A biopsy was done which showed a malignant squamous cell carcinoma.

He declined to be followed up and initially sought traditional treatments, but unfortunately, the tumour continued to grow. About three months later, he re-presented with bleeding from his mouth from the tumour which had grown even larger to involve his base of tongue and his anterior jaw (mandibular) bone.
With further scans, the tumour was found to have invaded the upper part of his throat as well as his mandibular bone, but had not spread to other parts of the body. He was then planned for surgery to resect the entire tumour, which would have removed the anterior 60% of his jaw, his entire tongue, and the upper part of his throat.
For this, he was referred to Dr Adrian for reconstruction of this complex, 3-dimensional defect involving multiple head and neck structures.
The goals were to restore a normal mandibular contour and swallowing tract. For his tongue and upper throat, a skin-only free flap was taken from his anterolateral thigh (ALT) to resurface these structures, and microvascular surgery was performed to restore the blood supply to this ALT flap.
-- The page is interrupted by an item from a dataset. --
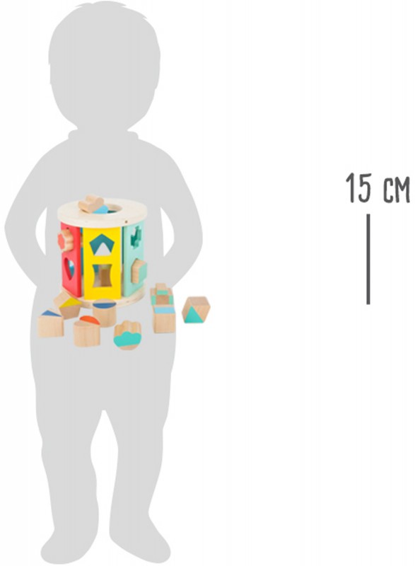 A fa formák különböző mintázattal vannak ellátva, és azokat a megfelelő alakzatba kell a kicsiknek beilleszteni. Fejleszti a motoros készségeket, és megismerteti a formákat a gyerekekkel. Ha a játékot az oldalára fordítjuk akkor zörgő hangot ad ki. A gumiszalag megakadályozza az építőkockák kiesését.

For the jaw, computer aided design (CAD) was done to create templates to reconstruct the jawbone, which was done using the fibula (small bone from the lower leg).
This CAD enabled precise and expedient surgery to be performed using this fibula free flap, which also required microvascular surgery to restore its blood supply.

In the initial post-operative period, he was fed through a nasogastric tube, while his reconstructions healed. He was able to walk without any restriction 1 week after surgery. 10 days after the procedure, seeing that healing was proceeding well, he was started on oral fluids, and his feeding tube was removed. This was built up to a soft diet by the 4th week after surgery.
He was able to receive post-operative radiotherapy at this point without any issues, and he continued to remain disease-free, able to eat a normal diet, and with a normal mandibular contour thereafter.